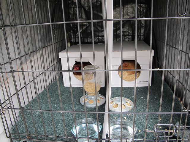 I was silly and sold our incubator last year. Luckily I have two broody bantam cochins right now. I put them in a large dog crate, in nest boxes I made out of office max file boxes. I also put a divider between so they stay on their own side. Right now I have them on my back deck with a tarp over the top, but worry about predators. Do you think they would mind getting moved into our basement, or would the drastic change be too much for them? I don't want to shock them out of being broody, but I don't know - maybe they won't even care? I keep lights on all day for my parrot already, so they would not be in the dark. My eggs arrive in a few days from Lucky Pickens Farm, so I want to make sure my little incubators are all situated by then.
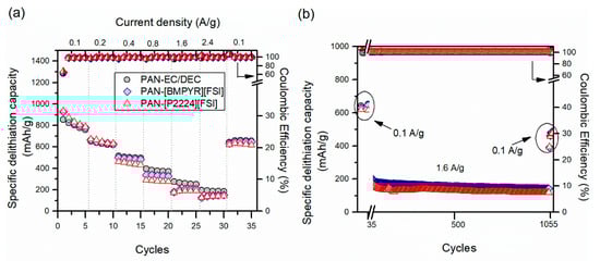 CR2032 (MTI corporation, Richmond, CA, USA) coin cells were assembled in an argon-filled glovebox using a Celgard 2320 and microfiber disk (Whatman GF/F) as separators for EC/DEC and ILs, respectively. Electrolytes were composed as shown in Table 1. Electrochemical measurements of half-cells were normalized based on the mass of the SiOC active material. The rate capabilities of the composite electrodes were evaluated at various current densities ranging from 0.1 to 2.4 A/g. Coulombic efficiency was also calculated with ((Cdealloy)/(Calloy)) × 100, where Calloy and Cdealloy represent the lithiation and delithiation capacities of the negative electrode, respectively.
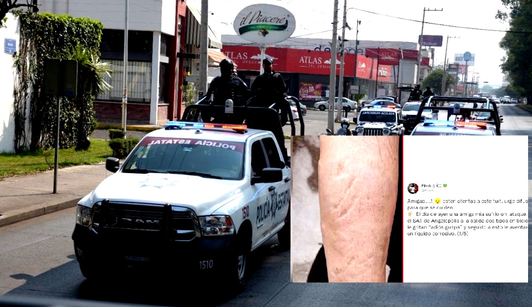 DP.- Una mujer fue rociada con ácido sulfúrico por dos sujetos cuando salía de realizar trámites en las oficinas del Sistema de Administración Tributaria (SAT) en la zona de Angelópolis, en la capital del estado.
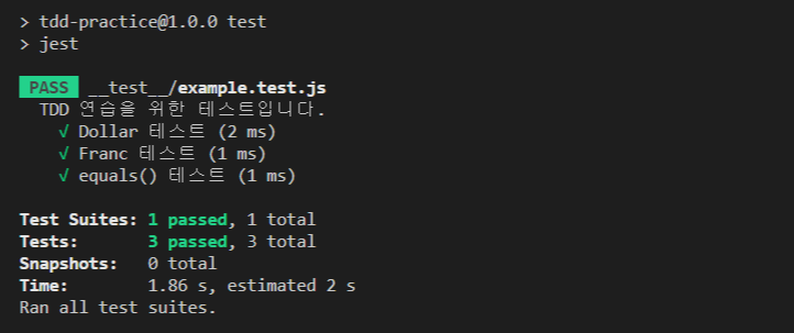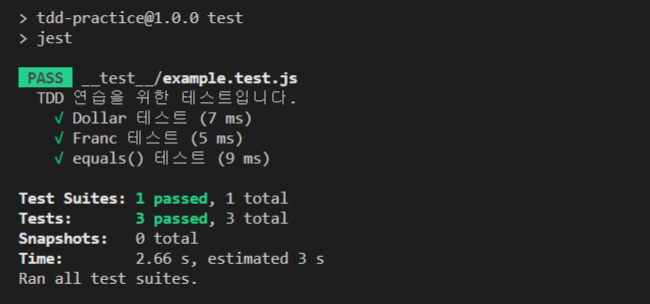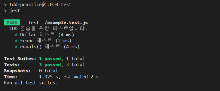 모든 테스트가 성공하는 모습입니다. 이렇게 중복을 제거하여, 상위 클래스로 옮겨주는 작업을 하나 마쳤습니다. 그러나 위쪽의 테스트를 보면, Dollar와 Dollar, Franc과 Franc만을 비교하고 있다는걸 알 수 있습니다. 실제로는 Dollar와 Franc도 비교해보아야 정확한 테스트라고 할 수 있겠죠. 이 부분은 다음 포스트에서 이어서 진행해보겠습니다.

+---+

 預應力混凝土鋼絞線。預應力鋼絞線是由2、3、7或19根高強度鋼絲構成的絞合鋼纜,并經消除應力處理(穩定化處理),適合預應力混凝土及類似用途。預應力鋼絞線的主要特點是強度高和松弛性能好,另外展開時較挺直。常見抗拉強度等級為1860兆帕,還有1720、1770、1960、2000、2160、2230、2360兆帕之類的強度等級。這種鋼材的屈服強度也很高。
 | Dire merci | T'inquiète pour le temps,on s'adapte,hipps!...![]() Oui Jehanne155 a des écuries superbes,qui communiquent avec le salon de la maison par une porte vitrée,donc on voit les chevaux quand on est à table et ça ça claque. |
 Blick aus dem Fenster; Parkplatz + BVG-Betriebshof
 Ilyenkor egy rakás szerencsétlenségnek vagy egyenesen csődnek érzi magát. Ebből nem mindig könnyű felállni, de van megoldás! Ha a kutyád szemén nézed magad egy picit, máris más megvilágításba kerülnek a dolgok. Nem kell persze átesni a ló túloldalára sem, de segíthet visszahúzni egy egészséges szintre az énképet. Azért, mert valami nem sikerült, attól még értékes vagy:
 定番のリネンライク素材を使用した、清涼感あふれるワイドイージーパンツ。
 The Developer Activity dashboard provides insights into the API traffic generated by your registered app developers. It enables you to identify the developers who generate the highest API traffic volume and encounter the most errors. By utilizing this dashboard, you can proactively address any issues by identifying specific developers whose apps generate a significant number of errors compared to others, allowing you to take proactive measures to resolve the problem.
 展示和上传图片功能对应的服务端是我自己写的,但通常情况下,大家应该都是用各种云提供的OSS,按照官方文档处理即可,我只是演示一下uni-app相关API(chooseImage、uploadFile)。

+---+

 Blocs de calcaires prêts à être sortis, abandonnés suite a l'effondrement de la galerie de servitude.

+---+

[TASK TO COMPLETE]: Going back to the entries above, set down exactly the lines that begin at the one with "ça claque. |" and end at the one with "展示和上传图片功能对应的服务", both included, and nothing else.

[RESPONSE BOX]:
 | Dire merci | T'inquiète pour le temps,on s'adapte,hipps!...![]() Oui Jehanne155 a des écuries superbes,qui communiquent avec le salon de la maison par une porte vitrée,donc on voit les chevaux quand on est à table et ça ça claque. |
 Blick aus dem Fenster; Parkplatz + BVG-Betriebshof
 Ilyenkor egy rakás szerencsétlenségnek vagy egyenesen csődnek érzi magát. Ebből nem mindig könnyű felállni, de van megoldás! Ha a kutyád szemén nézed magad egy picit, máris más megvilágításba kerülnek a dolgok. Nem kell persze átesni a ló túloldalára sem, de segíthet visszahúzni egy egészséges szintre az énképet. Azért, mert valami nem sikerült, attól még értékes vagy:
 定番のリネンライク素材を使用した、清涼感あふれるワイドイージーパンツ。
 The Developer Activity dashboard provides insights into the API traffic generated by your registered app developers. It enables you to identify the developers who generate the highest API traffic volume and encounter the most errors. By utilizing this dashboard, you can proactively address any issues by identifying specific developers whose apps generate a significant number of errors compared to others, allowing you to take proactive measures to resolve the problem.
 展示和上传图片功能对应的服务端是我自己写的,但通常情况下,大家应该都是用各种云提供的OSS,按照官方文档处理即可,我只是演示一下uni-app相关API(chooseImage、uploadFile)。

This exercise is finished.